Nakuru estate shut over man with Covid-19

A Nakuru residential estate with over 300 tenants was sealed off for close to 10 hours on Sunday after a long distance truck driver tested positive for Covid-19.

Authorities in the county arrived at Kiratina Fibre Estate in Nakuru town East at around 1am, where they traced the driver and five other occupants of a house they have been living in for the past three days.

Menengai East Ward representative Wilson Mwangi said police and health officials were trying to trace people who had come in contact with the truck driver.

“They sealed off the estate from about 1am to 11am, when they managed to trace the driver and the five other contacts,” Mr Mwangi told The Standard on phone yesterday.

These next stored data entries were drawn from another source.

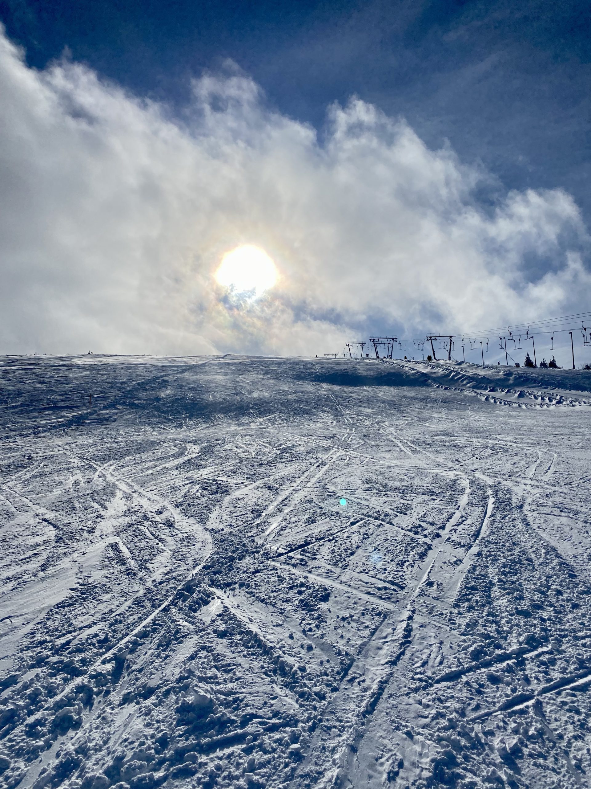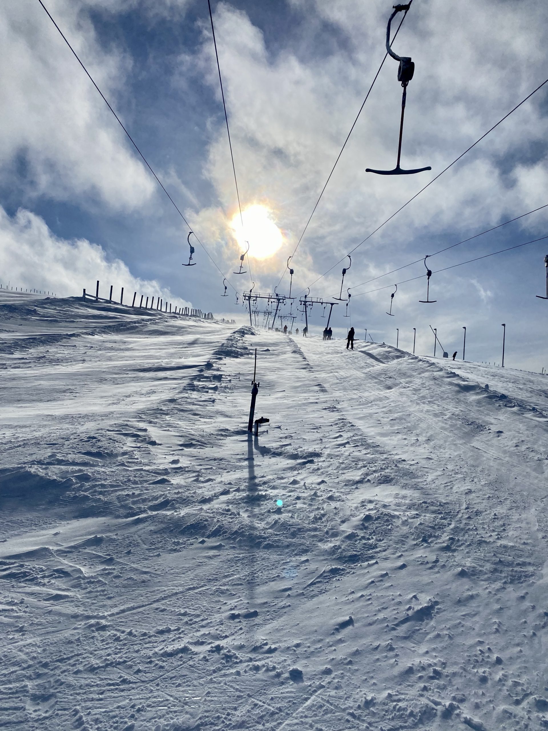 Skidåkningen har varit top notch på alla sätt. Både utför och på längden. Man är verkligen bortskämd med mängder av snö när man är där uppe. Här var vi på väg i transportliften till Högfjället.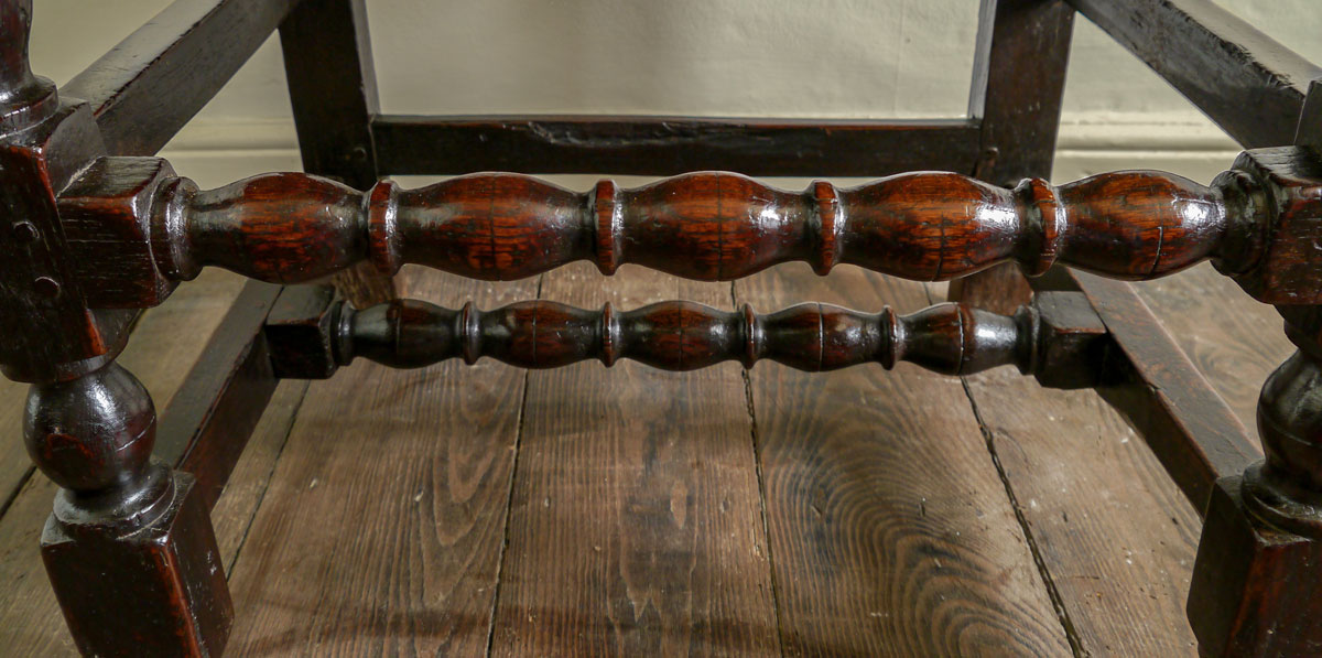 The boarded seat is deeply recessed to accommodate a cushion, the legs have simple ball turnings joined by an elongated bobbin and reel stretcher, which is repeated lower middle.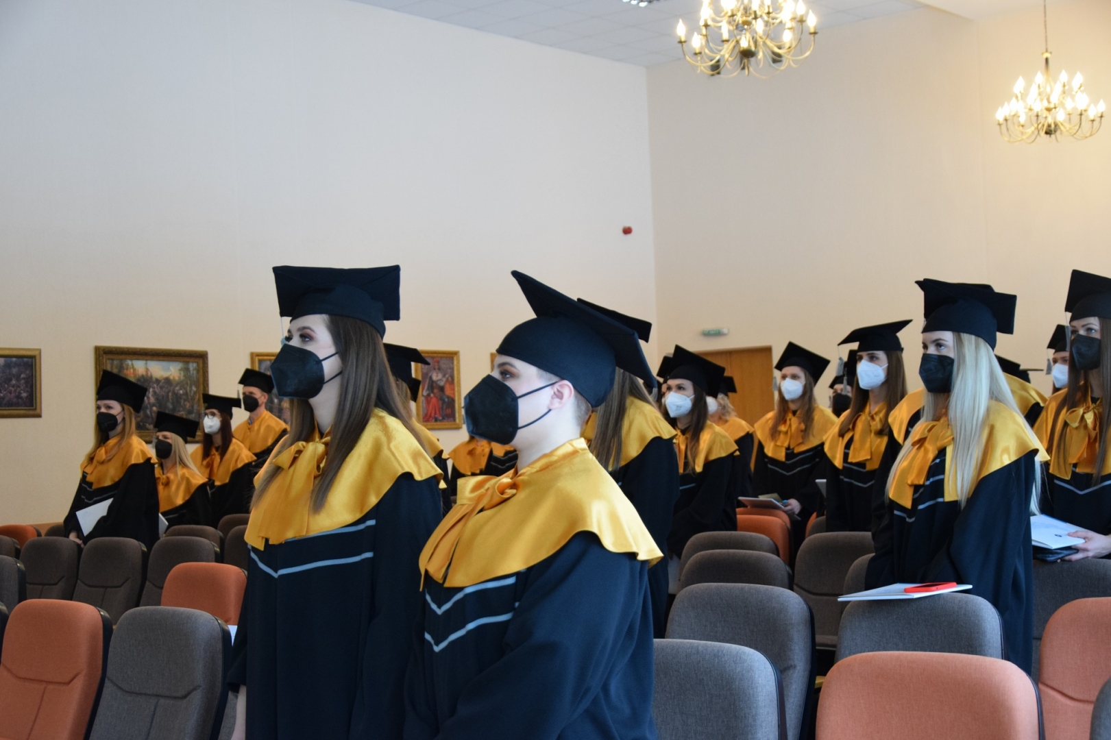 Diplomų įteikimo ceremonija vyko laikantis visų galiojančių saugumo reikalavimų, renginyje dalyvavo tik kolegijos administracijos atstovai, fakulteto bendruomenės nariai ir studentai, kuriems įteikti aukštąjį išsilavinimą įrodantys diplomai.

It was revealed that the driver interacted freely with residents at the estate for three days, playing pool and visiting friends. 

According to local health officials, the driver underwent a coronavirus test at the Mai Mahiu check point in Naivasha last Thursday, but left the scene without knowing his results.

“He then stopped over in Nakuru and went to Kiratina Fibre Estate, where he stayed for three days before his results turned positive,” read a bulletin from the Nakuru County department of health.

County Executive Committee member in charge of Health Kariuki Gichuki said the 27-year-old man was heading to Kitale from Mombasa.

“He has been taken to the Nakuru Level 5 Hospital Covid-19 isolation and management facility,“ Dr Gichuki said, adding that the surveillance team was still at the estate by Sunday afternoon for contact tracing.

The county, which has five confirmed Covid-19 cases, is emerging as one of the hotspots as residents, especially in Nakuru town, have thrown caution to the wind.

Testing of long distance truck drivers started at the county borders a week ago.

“Some of the screening points are at Kikopey, Salgaa and Total areas," Gichuki said.

He urged Nakuru residents to continue observing preventive guidelines issued by the Ministry of Health, especially now that transmission was at the community level.